--- BRIEF ---
Give back, exactly as written, the lines from the first line of the data below through the line with "Концевой микропереключатель камеры", and omit the pictures.

[Stored records]
▬▬▬▬▬▬▬▬▬▬

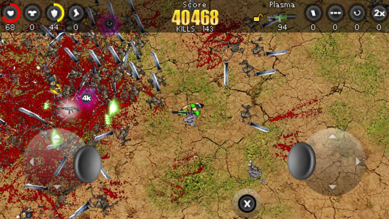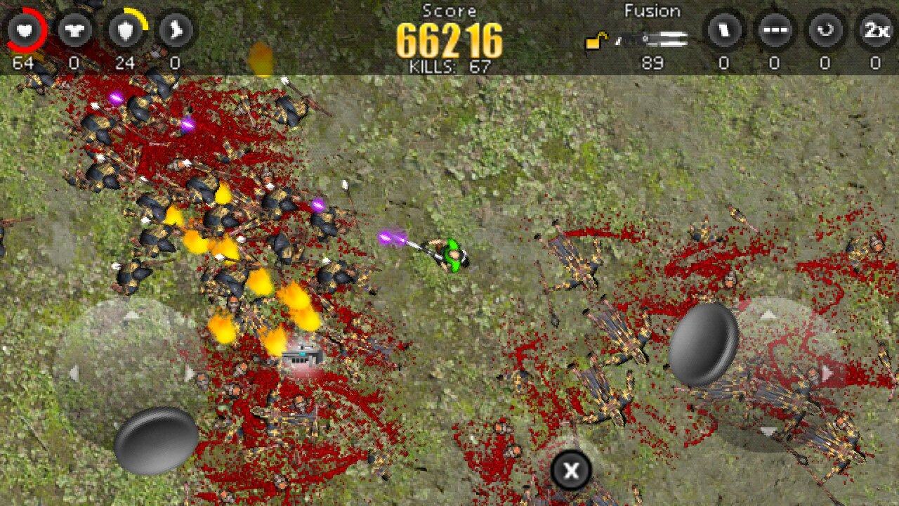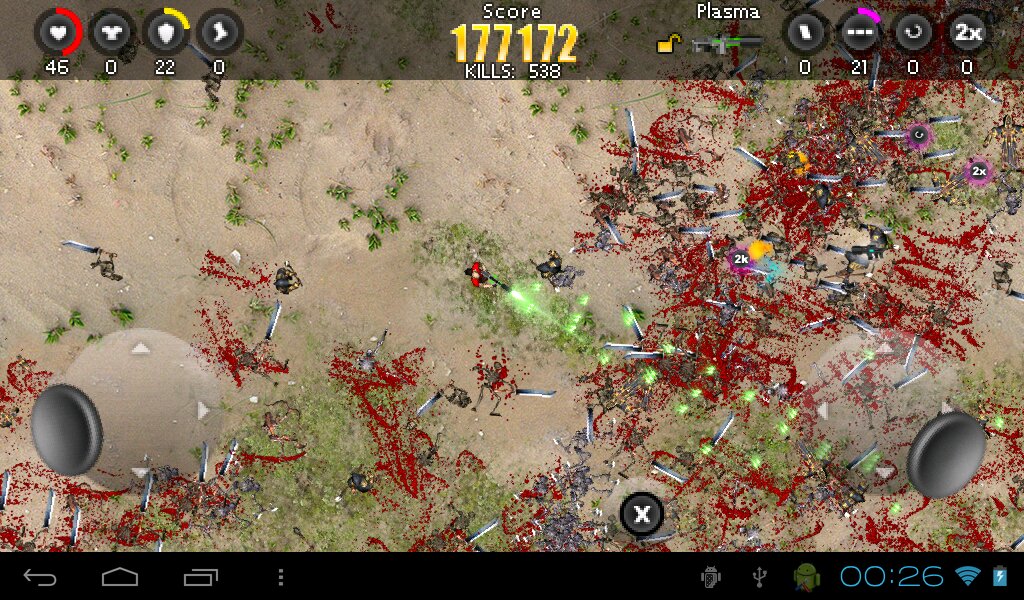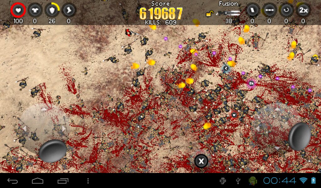 Blood ‘n Guns — игра наполнена многочисленными зомби, в которых нужно стрелять и убивать. Вы подвергаетесь постоянным атакам войска зомби на фоне самых разнообразных локаций. Все 12 уровней вы будете находиться в предвкушении долгожданной победы над врагами. При помощи специальной опции можно будет сохранять игру в том месте, где вы ее закончили, независимо от того, прошли вы уровень или нет.Вам понравятся фоны игры, которые постоянно меняются. Графика игры сделана довольно качественно, поэтому, вы будете получать несравненное удовольствие от игры. В каждой битве будет насчитываться около 80 зомби, причем, когда вы будете их убивать, трупы будут оставаться в локации, и не будут исчезать. Для того, чтобы взорвать орду зомби вам потребуется мощная пушка и динамит. Применяя каждый раз оружие вы будете слышать реалистичные звуки взрывов. Всего вашему вниманию будет представлено 12 пушек, 4 оружия бесперебойного питания. Игроки будут защищены доспехами и щитами. Каждый ваш персонаж будет обладать определенной скоростью бега.С каждым уровнем вам нужно будет бороться с еще большим числом зомби, поэтому, используйте оружие и защищайтесь, чтобы продлить себе жизненные силы. В игру Blood ‘n Guns на Андроид вы можете загрузить любимые треки, чтобы убивать зомби под любимую музыку.
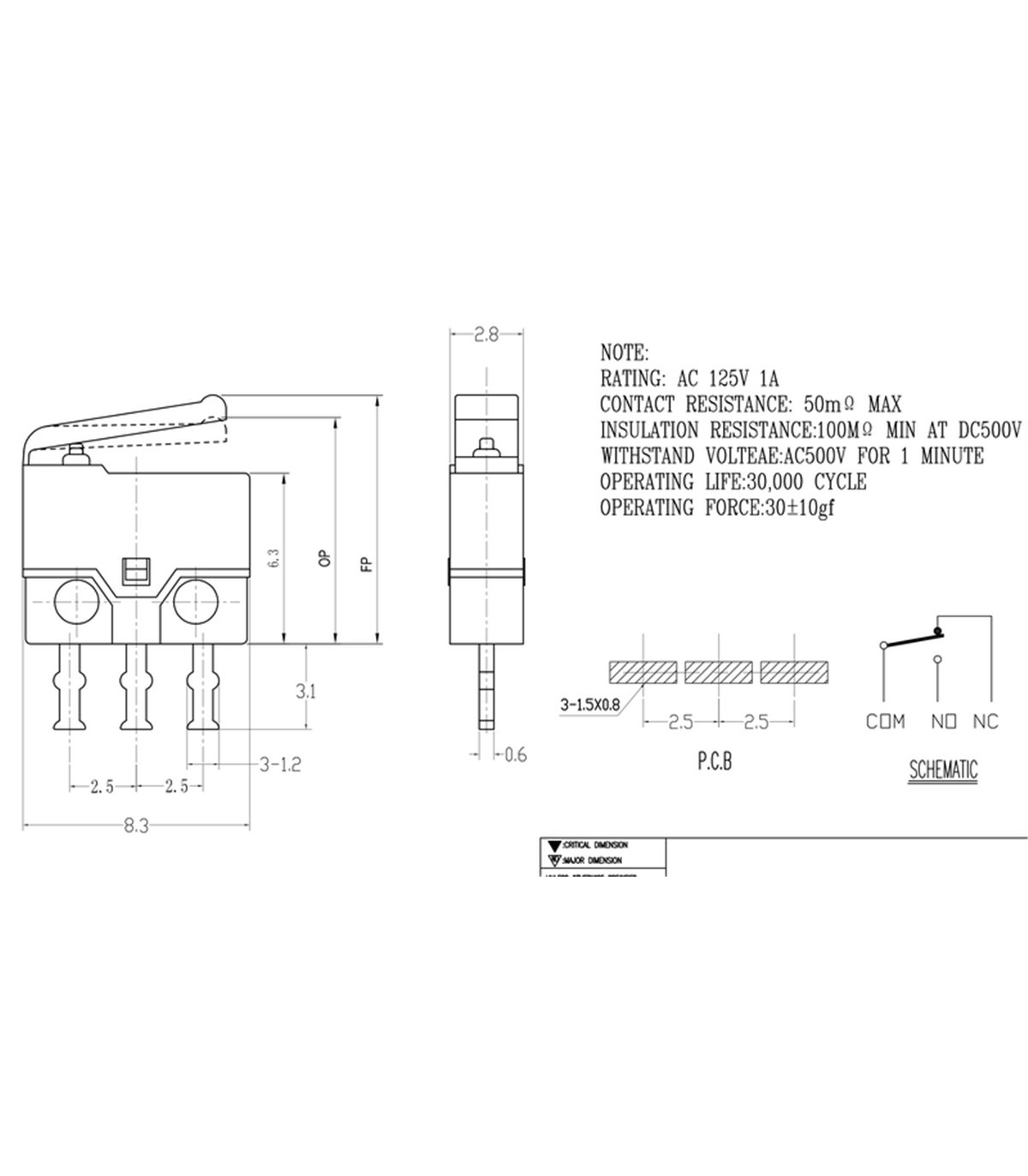 Концевой микропереключатель камеры правый 8*6мм (19058)
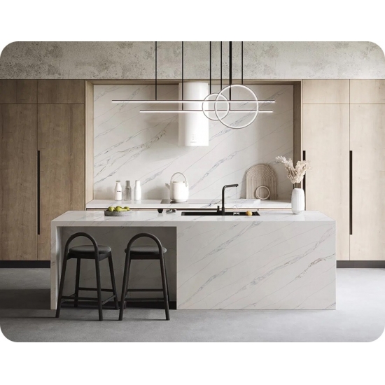 يُعدّ كوارتز كالاكاتا حاليًا المنتج الأكثر رواجًا بين أنواع الكوارتز. يتميز كوارتز كالاكاتا بجماله الفريد، حيث يُبهر الحواس بلونه الأبيض الناصع وعروقه الرخامية البارزة التي تُضفي عليه مظهرًا رخاميًا. بفضل عروقه العريضة الجميلة وملمسه الفاخر، يُقدّم هذا الكوارتز المظهر الطبيعي لرخام كالاكاتا، دون أي من عيوب أسطح الرخام. يتميز كوارتز كالاكاتا بمتانته العالية ومقاومته للبقع والخدوش، مما يجعله خيارًا عمليًا للغاية لأسطح المطابخ والحمامات، والسلالم، وعتبات النوافذ، والأثاث المصمم حسب الطلب، والجدران والأرضيات الداخلية والخارجية، وتقنية القطع بالماء، وغيرها من مشاريع التصميم.
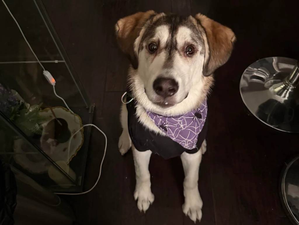 Un Malamute d'Alaska assis et portant un foulard autour du cou
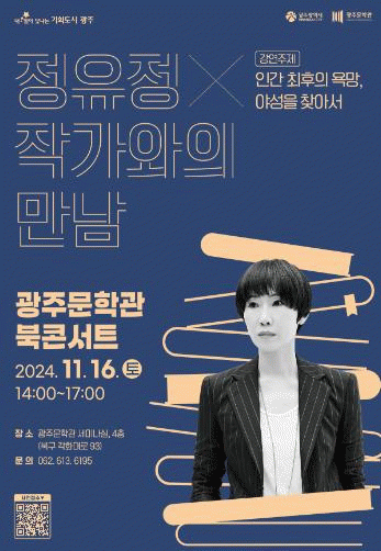 유정아 문화도시조성과장은 “광주와 인연이 깊은 정유정 작가를 초청해 책으로는 접하지 못한 생생한 이야기를 들을 수 있는 소통의 장을 마련했다”며 “시민 여러분의 많은 관심과 참여를 바란다”고 말했다.
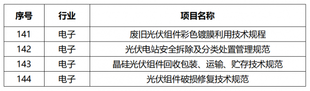在公布的《2022年度工業(yè)節(jié)能與綠色標準研究項目清單》中,共包括鋼鐵、有色金屬、石化化工、建材、機械、汽車、輕工、紡織、電子、包裝、通信、船舶及綜合13個大類157項規(guī)范項目,其中在電子行業(yè),光伏電站的拆除、廢棄光伏組件的運輸、包裝、貯存及修復等技術(shù)規(guī)范被納入其中,分別為《廢舊光伏組件彩色鍍膜利用技術(shù)規(guī)程》、《光伏電站安全拆除及分類處置管理規(guī)范》、《晶硅光伏組件回收包裝、運輸、貯存技術(shù)規(guī)范》及《光伏組件破損修復技術(shù)規(guī)范》4項規(guī)范。
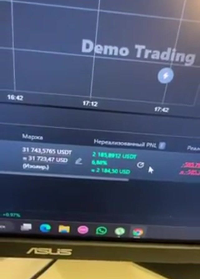 computer screen displaying a Demo Trading platform. The screen shows a real-time graph of cryptocurrency prices with time markers. Below the graph are figures labeled "Margin," "Unrealized PNL," and "Realized PNL," all displayed in USDT. The Unrealized PNL fluctuates between approximately 2100 and 2300 USDT, with percentages shown beside it. The computer is an Asus brand, and several app icons are visible on the taskbar including WhatsApp, Telegram, and Google Chrome. The table beneath the monitor has a light tan color.
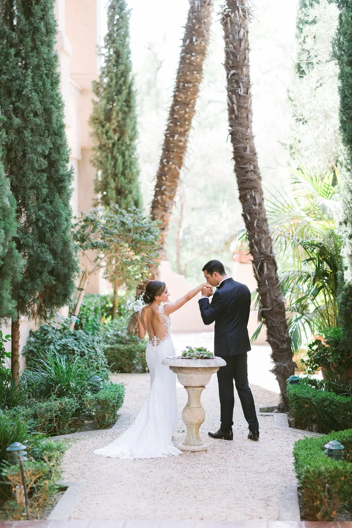 - Spanish-style architecture with fountains

▬▬▬▬▬▬▬▬▬▬

--- SOLUTION TO THE EXERCISE ---
 Blood ‘n Guns — игра наполнена многочисленными зомби, в которых нужно стрелять и убивать. Вы подвергаетесь постоянным атакам войска зомби на фоне самых разнообразных локаций. Все 12 уровней вы будете находиться в предвкушении долгожданной победы над врагами. При помощи специальной опции можно будет сохранять игру в том месте, где вы ее закончили, независимо от того, прошли вы уровень или нет.Вам понравятся фоны игры, которые постоянно меняются. Графика игры сделана довольно качественно, поэтому, вы будете получать несравненное удовольствие от игры. В каждой битве будет насчитываться около 80 зомби, причем, когда вы будете их убивать, трупы будут оставаться в локации, и не будут исчезать. Для того, чтобы взорвать орду зомби вам потребуется мощная пушка и динамит. Применяя каждый раз оружие вы будете слышать реалистичные звуки взрывов. Всего вашему вниманию будет представлено 12 пушек, 4 оружия бесперебойного питания. Игроки будут защищены доспехами и щитами. Каждый ваш персонаж будет обладать определенной скоростью бега.С каждым уровнем вам нужно будет бороться с еще большим числом зомби, поэтому, используйте оружие и защищайтесь, чтобы продлить себе жизненные силы. В игру Blood ‘n Guns на Андроид вы можете загрузить любимые треки, чтобы убивать зомби под любимую музыку.
 Концевой микропереключатель камеры правый 8*6мм (19058)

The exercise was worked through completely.